- PROBLEM: Copy out each line of the data that includes the string "Cover".

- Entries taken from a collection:
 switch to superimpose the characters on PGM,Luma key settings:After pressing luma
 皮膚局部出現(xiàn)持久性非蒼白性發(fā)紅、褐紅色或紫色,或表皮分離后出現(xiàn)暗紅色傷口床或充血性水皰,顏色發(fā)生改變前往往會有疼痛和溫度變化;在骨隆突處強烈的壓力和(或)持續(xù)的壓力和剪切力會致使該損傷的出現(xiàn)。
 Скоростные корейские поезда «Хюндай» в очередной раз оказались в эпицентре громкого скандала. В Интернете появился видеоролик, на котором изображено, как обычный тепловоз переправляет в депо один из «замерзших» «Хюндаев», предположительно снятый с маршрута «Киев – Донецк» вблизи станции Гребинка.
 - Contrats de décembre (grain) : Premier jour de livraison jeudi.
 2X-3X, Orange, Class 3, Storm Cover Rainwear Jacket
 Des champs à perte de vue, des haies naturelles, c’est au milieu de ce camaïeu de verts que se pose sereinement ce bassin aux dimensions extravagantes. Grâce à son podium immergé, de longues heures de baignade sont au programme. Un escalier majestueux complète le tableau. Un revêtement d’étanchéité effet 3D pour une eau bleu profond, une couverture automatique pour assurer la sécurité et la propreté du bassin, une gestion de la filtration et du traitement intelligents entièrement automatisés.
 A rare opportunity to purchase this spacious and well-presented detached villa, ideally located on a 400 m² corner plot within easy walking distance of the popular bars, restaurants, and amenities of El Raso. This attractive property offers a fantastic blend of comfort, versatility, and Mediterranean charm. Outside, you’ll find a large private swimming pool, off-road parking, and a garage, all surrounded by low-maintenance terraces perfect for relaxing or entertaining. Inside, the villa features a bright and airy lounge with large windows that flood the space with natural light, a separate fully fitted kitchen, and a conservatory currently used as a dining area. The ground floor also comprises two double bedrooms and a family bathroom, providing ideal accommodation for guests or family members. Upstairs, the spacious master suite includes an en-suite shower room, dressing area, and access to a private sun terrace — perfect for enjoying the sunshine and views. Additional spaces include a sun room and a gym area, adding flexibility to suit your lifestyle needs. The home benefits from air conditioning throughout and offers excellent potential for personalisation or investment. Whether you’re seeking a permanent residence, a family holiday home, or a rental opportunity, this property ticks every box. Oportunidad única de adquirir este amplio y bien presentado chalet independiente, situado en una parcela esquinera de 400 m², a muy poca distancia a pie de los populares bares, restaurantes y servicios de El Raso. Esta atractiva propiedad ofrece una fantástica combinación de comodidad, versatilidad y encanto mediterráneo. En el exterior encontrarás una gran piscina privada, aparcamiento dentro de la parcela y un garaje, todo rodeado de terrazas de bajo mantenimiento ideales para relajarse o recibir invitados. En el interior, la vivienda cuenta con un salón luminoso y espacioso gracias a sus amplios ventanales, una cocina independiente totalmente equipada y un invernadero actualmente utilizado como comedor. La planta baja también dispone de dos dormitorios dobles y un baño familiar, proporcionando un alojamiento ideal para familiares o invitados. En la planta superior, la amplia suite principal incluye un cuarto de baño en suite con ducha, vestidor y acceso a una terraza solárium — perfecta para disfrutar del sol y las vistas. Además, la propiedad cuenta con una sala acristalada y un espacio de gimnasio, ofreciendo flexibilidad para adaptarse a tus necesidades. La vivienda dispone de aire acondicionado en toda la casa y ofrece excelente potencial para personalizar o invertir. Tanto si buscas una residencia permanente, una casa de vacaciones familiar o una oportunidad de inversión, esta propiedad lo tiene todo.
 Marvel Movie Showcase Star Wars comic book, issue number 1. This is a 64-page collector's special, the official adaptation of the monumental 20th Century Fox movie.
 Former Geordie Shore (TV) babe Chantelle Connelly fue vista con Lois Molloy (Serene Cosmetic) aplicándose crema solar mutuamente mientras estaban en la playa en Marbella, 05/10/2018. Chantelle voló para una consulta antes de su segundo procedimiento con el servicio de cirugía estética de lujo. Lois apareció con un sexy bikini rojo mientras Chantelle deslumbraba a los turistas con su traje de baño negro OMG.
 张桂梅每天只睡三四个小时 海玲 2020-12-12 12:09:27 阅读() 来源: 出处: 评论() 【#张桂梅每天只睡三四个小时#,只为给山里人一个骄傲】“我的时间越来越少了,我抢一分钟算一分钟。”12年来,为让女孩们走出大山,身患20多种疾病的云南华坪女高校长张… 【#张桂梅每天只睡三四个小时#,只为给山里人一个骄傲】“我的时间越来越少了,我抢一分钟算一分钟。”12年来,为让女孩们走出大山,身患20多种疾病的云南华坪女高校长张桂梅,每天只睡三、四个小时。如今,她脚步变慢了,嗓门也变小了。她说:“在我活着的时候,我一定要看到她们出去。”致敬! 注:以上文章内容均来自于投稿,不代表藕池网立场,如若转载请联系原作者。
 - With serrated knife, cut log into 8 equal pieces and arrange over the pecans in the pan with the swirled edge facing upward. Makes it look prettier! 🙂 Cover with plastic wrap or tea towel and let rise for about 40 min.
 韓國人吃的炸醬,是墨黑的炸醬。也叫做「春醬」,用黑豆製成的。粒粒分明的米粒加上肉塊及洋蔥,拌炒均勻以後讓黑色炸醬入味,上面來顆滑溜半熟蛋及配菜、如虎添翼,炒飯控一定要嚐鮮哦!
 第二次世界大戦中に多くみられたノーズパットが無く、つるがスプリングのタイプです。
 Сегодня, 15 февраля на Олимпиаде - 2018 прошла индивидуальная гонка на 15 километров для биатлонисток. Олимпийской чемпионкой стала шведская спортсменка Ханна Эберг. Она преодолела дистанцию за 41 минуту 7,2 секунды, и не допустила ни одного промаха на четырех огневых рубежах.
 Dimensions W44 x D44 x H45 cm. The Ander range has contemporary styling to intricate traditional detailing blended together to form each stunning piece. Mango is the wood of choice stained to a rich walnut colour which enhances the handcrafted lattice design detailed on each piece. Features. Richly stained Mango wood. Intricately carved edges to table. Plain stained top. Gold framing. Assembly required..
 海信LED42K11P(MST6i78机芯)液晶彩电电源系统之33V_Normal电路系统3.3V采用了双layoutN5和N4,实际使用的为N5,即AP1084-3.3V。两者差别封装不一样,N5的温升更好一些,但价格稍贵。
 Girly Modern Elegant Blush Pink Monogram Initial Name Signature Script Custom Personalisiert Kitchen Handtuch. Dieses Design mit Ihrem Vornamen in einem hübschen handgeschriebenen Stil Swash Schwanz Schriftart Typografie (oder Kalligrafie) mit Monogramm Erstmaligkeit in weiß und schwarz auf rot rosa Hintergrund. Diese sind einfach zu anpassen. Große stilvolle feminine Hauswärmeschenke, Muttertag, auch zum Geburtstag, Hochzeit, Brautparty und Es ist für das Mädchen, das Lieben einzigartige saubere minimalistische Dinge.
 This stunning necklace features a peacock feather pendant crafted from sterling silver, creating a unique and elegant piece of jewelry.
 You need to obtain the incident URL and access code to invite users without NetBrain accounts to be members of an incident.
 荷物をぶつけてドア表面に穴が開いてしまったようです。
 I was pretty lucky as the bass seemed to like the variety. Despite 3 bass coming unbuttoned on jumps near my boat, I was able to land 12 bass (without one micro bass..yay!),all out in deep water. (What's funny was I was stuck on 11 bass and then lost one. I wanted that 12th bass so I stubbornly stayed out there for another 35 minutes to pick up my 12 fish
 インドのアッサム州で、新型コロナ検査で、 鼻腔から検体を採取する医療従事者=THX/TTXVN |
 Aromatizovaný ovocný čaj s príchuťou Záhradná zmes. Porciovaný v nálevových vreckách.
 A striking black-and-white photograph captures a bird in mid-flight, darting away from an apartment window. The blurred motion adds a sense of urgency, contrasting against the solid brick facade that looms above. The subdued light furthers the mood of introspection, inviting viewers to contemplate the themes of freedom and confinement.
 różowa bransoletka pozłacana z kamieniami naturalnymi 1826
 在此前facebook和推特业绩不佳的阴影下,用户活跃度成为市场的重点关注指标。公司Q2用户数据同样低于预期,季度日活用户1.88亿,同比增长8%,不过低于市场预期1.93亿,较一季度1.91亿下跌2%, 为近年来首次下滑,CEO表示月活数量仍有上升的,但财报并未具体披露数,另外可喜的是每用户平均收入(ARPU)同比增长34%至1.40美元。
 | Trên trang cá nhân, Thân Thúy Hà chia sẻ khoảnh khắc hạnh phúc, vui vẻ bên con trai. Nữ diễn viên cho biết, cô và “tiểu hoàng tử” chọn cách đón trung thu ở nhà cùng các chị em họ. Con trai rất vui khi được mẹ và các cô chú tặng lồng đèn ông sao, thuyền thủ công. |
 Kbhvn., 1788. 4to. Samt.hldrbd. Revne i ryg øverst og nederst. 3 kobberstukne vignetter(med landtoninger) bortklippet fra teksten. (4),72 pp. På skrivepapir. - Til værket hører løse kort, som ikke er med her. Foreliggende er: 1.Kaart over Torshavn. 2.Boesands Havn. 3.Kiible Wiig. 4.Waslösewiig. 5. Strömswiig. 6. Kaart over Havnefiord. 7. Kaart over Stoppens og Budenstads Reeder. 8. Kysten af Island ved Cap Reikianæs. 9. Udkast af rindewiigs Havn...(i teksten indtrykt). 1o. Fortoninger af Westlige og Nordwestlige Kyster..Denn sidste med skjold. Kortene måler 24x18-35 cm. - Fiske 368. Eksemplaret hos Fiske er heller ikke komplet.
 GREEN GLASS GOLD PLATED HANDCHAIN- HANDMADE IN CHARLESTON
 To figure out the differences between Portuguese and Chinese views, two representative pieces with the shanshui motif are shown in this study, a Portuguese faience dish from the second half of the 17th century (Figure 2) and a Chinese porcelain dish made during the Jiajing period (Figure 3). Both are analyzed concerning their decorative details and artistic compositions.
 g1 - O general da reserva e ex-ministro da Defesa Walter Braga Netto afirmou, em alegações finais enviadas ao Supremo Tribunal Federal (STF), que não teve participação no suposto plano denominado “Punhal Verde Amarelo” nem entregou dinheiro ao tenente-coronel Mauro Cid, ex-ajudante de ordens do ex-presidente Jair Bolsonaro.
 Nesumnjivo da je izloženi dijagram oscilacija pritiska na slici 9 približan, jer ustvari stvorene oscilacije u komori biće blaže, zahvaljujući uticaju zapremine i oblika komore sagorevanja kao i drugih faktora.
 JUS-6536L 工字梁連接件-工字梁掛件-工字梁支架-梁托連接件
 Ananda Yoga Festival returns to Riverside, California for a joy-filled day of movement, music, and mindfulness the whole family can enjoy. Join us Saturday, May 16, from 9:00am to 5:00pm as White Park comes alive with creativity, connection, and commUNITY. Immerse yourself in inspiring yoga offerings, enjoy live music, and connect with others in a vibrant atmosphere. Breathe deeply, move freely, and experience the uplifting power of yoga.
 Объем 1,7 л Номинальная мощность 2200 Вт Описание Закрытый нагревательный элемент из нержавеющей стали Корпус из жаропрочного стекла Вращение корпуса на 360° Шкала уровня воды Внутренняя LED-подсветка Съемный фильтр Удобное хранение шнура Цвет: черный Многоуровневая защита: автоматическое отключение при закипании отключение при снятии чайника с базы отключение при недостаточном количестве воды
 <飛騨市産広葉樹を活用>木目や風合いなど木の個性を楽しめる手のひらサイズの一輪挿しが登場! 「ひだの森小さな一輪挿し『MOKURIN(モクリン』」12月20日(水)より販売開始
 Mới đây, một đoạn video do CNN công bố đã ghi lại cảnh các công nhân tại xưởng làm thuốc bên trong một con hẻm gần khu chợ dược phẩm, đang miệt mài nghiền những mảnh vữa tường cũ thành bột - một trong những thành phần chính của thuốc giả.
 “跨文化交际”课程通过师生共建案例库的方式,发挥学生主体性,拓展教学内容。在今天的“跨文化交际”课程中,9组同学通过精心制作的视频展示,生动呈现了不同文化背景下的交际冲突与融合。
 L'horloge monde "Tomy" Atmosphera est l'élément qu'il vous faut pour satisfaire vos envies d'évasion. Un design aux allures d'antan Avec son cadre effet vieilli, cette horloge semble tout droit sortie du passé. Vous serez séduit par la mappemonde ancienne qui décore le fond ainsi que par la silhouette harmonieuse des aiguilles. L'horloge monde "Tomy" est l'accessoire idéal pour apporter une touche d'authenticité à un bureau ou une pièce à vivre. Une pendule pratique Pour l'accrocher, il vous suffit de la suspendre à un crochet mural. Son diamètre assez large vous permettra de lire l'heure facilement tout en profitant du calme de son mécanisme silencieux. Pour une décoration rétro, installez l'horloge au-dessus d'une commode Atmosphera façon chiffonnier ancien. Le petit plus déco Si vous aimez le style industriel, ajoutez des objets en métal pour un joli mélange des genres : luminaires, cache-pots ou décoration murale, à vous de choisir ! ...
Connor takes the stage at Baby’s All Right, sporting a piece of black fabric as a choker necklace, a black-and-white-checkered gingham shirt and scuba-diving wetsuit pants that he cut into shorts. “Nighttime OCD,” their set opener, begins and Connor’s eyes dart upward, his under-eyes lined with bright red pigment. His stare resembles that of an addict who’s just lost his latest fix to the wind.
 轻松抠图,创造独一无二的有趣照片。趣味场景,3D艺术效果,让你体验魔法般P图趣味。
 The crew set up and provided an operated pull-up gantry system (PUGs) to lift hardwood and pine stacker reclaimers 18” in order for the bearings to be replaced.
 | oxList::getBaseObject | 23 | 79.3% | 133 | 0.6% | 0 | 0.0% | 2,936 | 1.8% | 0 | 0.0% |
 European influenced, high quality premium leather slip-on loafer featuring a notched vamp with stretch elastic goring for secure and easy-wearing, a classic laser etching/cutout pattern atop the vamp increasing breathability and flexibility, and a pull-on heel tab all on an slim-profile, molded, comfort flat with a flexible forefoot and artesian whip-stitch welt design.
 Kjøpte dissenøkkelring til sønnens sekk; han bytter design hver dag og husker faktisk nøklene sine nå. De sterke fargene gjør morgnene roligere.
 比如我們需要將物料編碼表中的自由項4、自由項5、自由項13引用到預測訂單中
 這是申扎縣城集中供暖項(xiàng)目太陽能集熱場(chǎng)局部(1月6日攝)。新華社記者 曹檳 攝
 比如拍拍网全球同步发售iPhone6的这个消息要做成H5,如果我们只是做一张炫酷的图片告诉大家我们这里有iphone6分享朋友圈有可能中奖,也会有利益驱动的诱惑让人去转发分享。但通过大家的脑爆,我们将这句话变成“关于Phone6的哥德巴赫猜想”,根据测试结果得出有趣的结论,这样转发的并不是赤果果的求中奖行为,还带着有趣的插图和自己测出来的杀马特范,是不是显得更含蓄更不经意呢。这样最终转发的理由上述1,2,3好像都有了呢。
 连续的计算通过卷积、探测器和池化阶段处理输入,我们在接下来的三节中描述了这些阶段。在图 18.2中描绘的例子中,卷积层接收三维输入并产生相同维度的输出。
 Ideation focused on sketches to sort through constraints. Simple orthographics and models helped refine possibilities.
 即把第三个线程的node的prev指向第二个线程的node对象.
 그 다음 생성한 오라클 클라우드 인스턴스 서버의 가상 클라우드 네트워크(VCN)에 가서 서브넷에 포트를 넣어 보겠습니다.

- WRITTEN RESPONSE:
 2X-3X, Orange, Class 3, Storm Cover Rainwear Jacket
 - With serrated knife, cut log into 8 equal pieces and arrange over the pecans in the pan with the swirled edge facing upward. Makes it look prettier! 🙂 Cover with plastic wrap or tea towel and let rise for about 40 min.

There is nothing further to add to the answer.